TASK STATEMENT: Write out every entry exactly; the pictures do not belong in the copy.

• • • • •

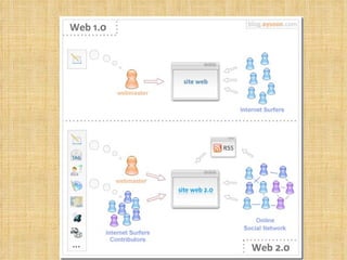 La Web 2.0 representa la transición de aplicaciones tradicionales de escritorio a aplicaciones basadas en la web enfocadas en el usuario final que fomentan la colaboración y reemplazan servicios de escritorio. La Web 1.0 se refiere al estado inicial de la World Wide Web antes del impacto de la fiebre punto com en 2001 y las páginas se desarrollaban principalmente en HTML, JavaScript y CGI de forma limitada.
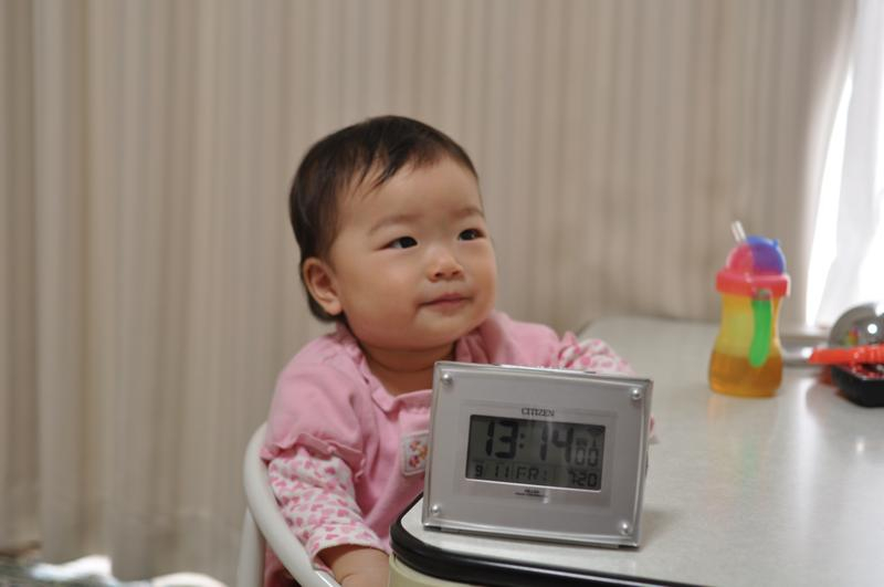 さて、本日も恒例の生まれた時間の写真撮影があるのですが、お昼時なので主役は時計を食べてます![]()
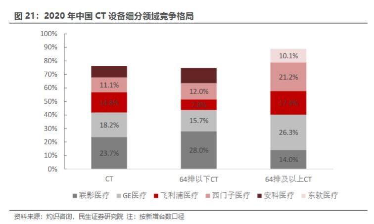 2020年,64排以下CT市場聯(lián)影醫(yī)療市占率第一,64排以上高端CT市場聯(lián)影醫(yī)療也僅次于GPS。民生證券測算數(shù)據(jù)顯示,預(yù)計(jì)聯(lián)影醫(yī)療CT設(shè)備遠(yuǎn)期市場規(guī)模為140-234億元。
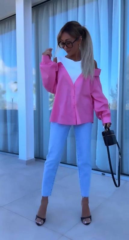 Сорочка - обманка арт. gr. 8393 Розмір: 42-44; 46-48; 50-52 Колір: біла, чорна, блакитна, малиновий Тканина смужка: софт турецький + котон білий, чорний Тканина однотон: віскоза білий + котон малиновий, блакитний Стильный сучасний образ це легко, базові кольори та весняні сорочки Ціна дроп/опт: 650 грн
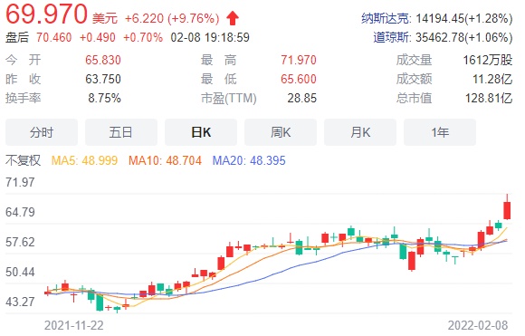 智通财经APP获悉,在铝价飙升至13年来的最高水平,同时高盛将12个月铝价预期上调至创纪录的每吨4000美元刺激下,美国铝业(AA.US)周二盘中一度飙升至71.97美元创历史新高,最终收涨9.76%,报69.97美元。

• • • • •

WRITTEN ANSWER:
 La Web 2.0 representa la transición de aplicaciones tradicionales de escritorio a aplicaciones basadas en la web enfocadas en el usuario final que fomentan la colaboración y reemplazan servicios de escritorio. La Web 1.0 se refiere al estado inicial de la World Wide Web antes del impacto de la fiebre punto com en 2001 y las páginas se desarrollaban principalmente en HTML, JavaScript y CGI de forma limitada.
 さて、本日も恒例の生まれた時間の写真撮影があるのですが、お昼時なので主役は時計を食べてます![]()
 2020年,64排以下CT市場聯(lián)影醫(yī)療市占率第一,64排以上高端CT市場聯(lián)影醫(yī)療也僅次于GPS。民生證券測算數(shù)據(jù)顯示,預(yù)計(jì)聯(lián)影醫(yī)療CT設(shè)備遠(yuǎn)期市場規(guī)模為140-234億元。
 Сорочка - обманка арт. gr. 8393 Розмір: 42-44; 46-48; 50-52 Колір: біла, чорна, блакитна, малиновий Тканина смужка: софт турецький + котон білий, чорний Тканина однотон: віскоза білий + котон малиновий, блакитний Стильный сучасний образ це легко, базові кольори та весняні сорочки Ціна дроп/опт: 650 грн
 智通财经APP获悉,在铝价飙升至13年来的最高水平,同时高盛将12个月铝价预期上调至创纪录的每吨4000美元刺激下,美国铝业(AA.US)周二盘中一度飙升至71.97美元创历史新高,最终收涨9.76%,报69.97美元。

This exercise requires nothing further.